Сбоку вновь ударил пулемёт, несколько пуль с хрипом проткнули воздух над головой генерала, обдали жаром, но не задели, Корнилов пригнулся, глянул вправо, стараясь угадать, откуда бьёт пулемёт. Не хватало гранаты, всего одной гранаты, чтобы заткнуть этой машине глотку. В следующее мгновение пулемёт снова умолк, и послышалось тихое, упрямое, с трудом выбитое из глоток:
— Ур-ра-а!
Из-под лап толстой чёрной ели на Корнилова выскочили два егеря в распахнутых шинелях, с винтовками, к которым были примкнуты плоские штыки, кинулись на генерала, оглушая его своими воплями. Корнилова поспешно прикрыли три солдата, вскинули свои винтовки, схлестнулись с немцами.
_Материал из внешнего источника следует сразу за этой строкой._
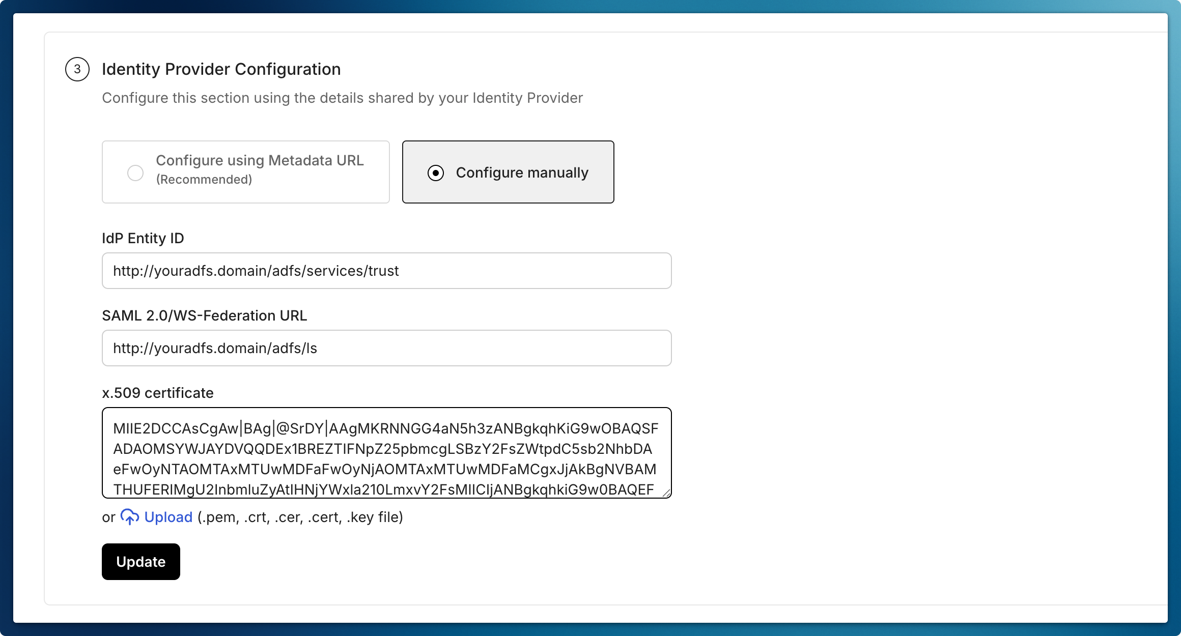 This guide walks you through configuring Single Sign-On (SSO) with Microsoft Active Directory Federation Services (AD FS) as your Identity Provider.
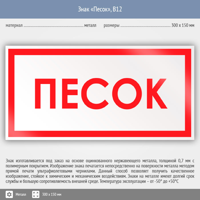 Знак «Песок», B12 (металл, 300х150 мм) в Нижнекамске купить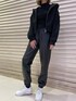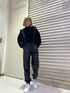 朝晩とお昼間で寒暖差が出てきた初秋の通勤コーデ☺︎❤︎ ショート丈のフーディは、ボンディング素材を使用しているのでハリがあり着心地が良いのは勿論、カジュアル過ぎない印象で着用頂けます! 着丈が短い分、視線が上に上がるのでスタイルアップ効果もあり、身頃に切り替えが入っているので肩幅もスッキリ魅せてくれるんです♪ 腕周り、身頃共にワイドな作りになっているのでインナーも着込みやすく季節の変わり目にピッタリ❤︎ インナーに合わせたトップスは縦リブ仕様で着痩せ効果バツグンのショートニット◎ ネック、裾、袖にあしらわれたクラッシュデザインがポイントのニットなので、羽織りを脱いだ際にもオシャレに魅せてくれます♫ 一緒に合わせたパンツは去年の型ですが、今季も素材違いのジャガードパンツが入荷しているので、詳細は私の2個前の投稿をチェックしてみて下さいね❤︎ オールブラックのコーデで一見シンプルですが、素材違いのアイテムなのでオシャレ映え間違いなしなので、是非参考にして下さい☺︎‼︎
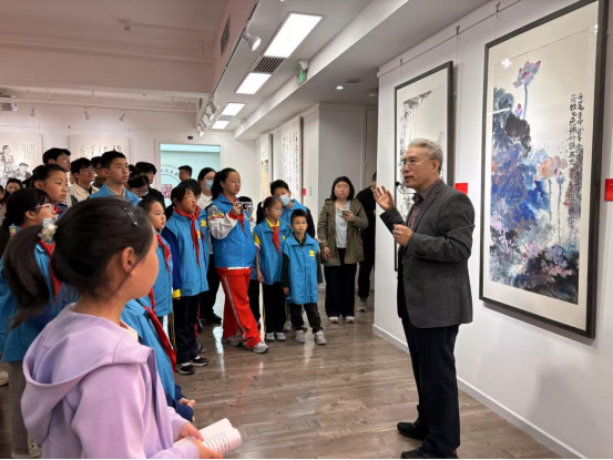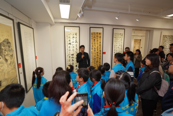 曹玉文馆长主持开幕式。仪式开始前,由“言恭达助学行动”首届全国诗书画展览策展人李建春、获奖代表老师王文涛,分别围绕“以美育传承三美合璧、从教育践行文化担当”,采取互动式方法,结合展厅作品,讲述了言恭达先生倡导美育从校院开始的当代意义以及“诗书画三美合璧”的方法、技巧和途径,教学相长,气氛亲和而热烈。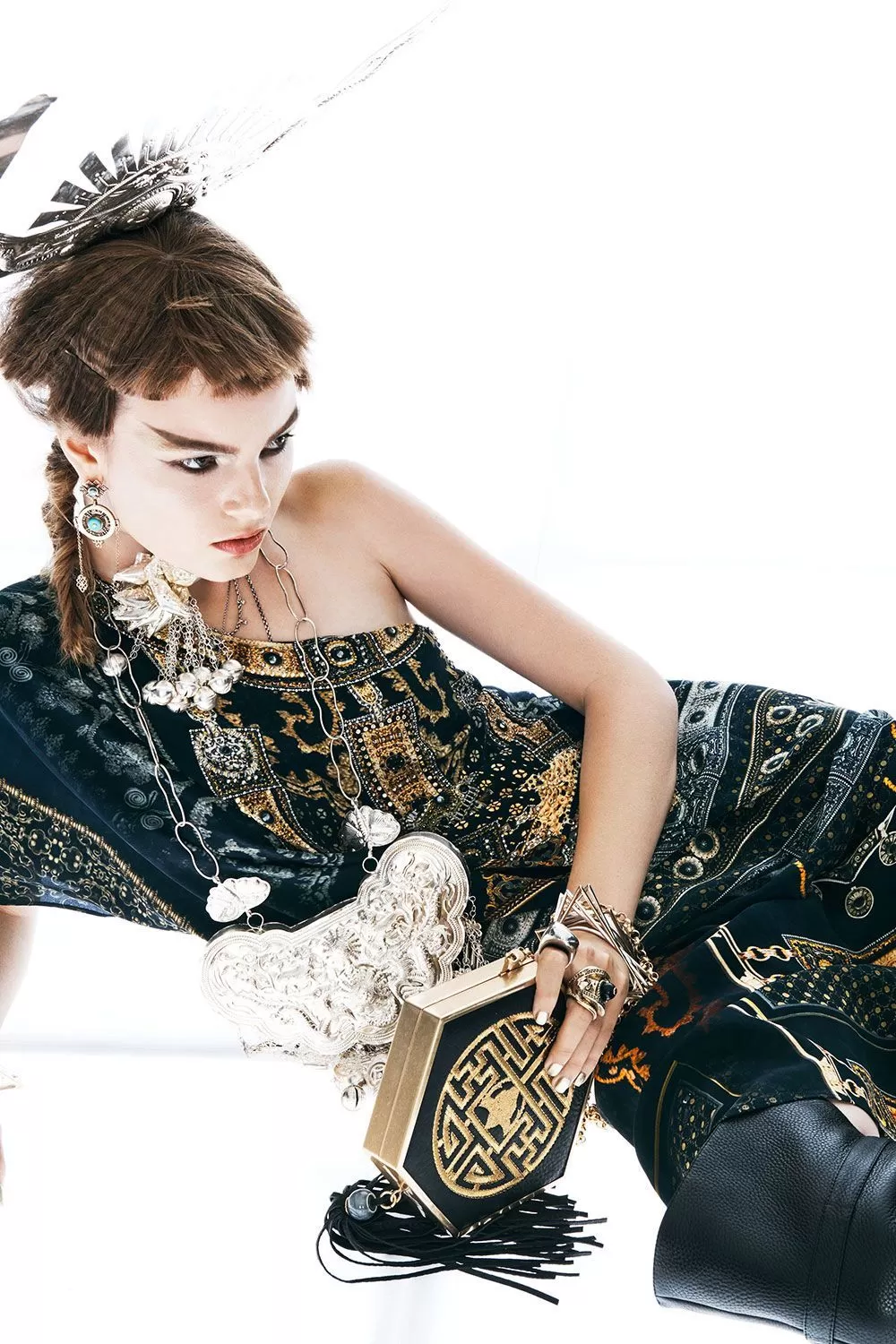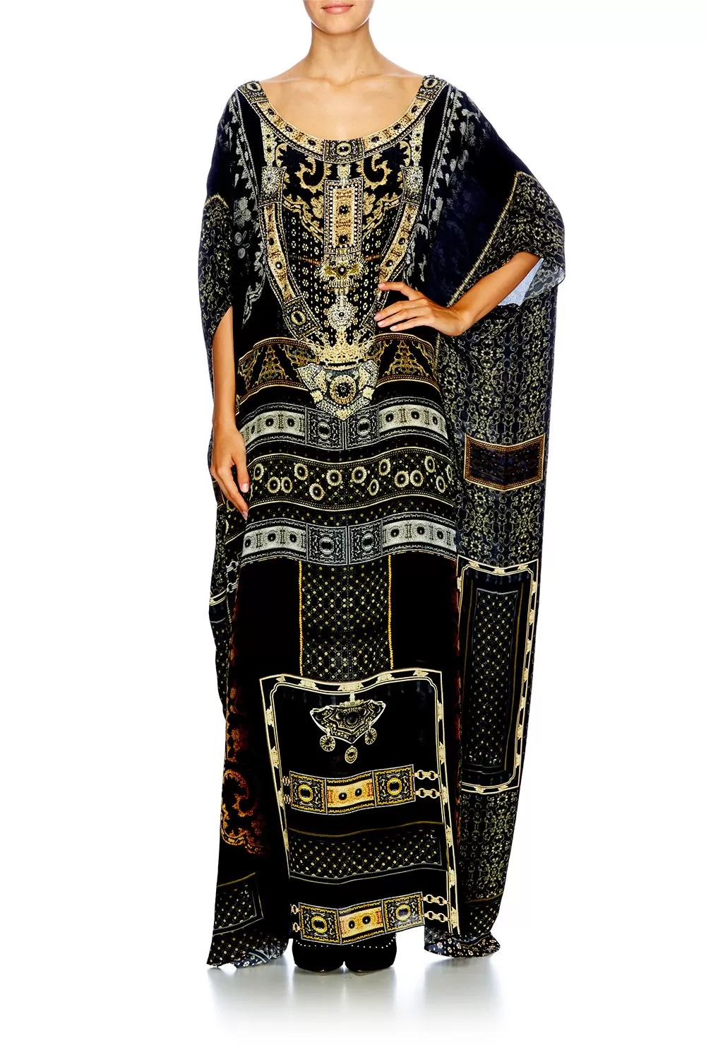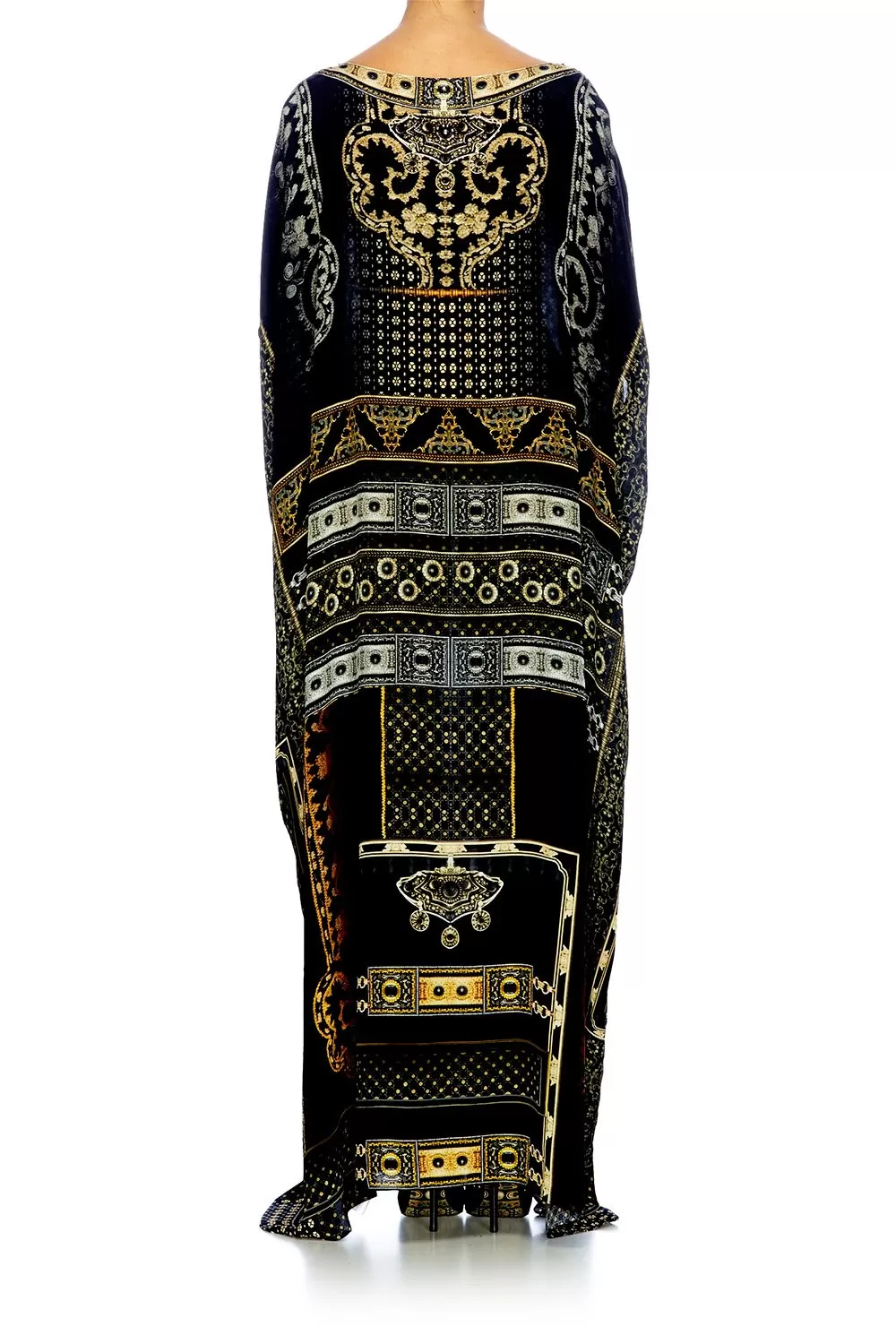 With patterning inspired by the spiritually-provocative landscapes of Tibet, the Round Neck Kaftan balances an intricate print with a relaxed silhouette. Featuring delicate, hand-applied crystals to neckline, a pure silk construction, short sleeves and an amulet to back with crystal detailing, this luxury resort wear piece can be styled in a multitude of ways. Wear yours as a cape, a halter neck dress, a maxi skirt and more, or style simply as a sarong over a for the ultimate bohemian, beachside look.

«Не надо оберегать меня! — возникла у Корнилова недовольная мысль, он изловчился, с силой ударил одного из немцев палкой по руке. — Я же солдат, а солдат не должен укрываться от опасности».
Немец вскрикнул, вытаращил водянистые глаза, выпуклые, крупные, от боли и изумления они едва не вывалились из орбит. Рука с винтовкой мгновенно опустилась, на миг застыв у пояса. Пояс у немца был добротный, кожаный, вкусного сливочного цвета, с такими же «вкусными», призывно желтеющими в утреннем свете подсумками, плотно набитыми патронами. Перехватив винтовку другой рукой, егерь запоздало шарахнулся от генерала, но уйти от русского штыка не успел — тусклое остриё всадилось ему в грудь, изо рта выскочил окровяненный, прокушенный язык, и егерь покатился по густому, заросшему ельником склону вниз.
— Хы-ы-ы-ы!
Ноги немца зацепились за зелёную мохнатую кривулину, выросшую на самой закраине скоса, у обрыва, тело задержалось на несколько мгновений, заломленные кверху руки уже не действовали, и егерь сорвался с закраины вниз, на обледенелые камни, между которыми, всхлипывая и стеная, с трудом пробирался прозрачный чёрный ручей.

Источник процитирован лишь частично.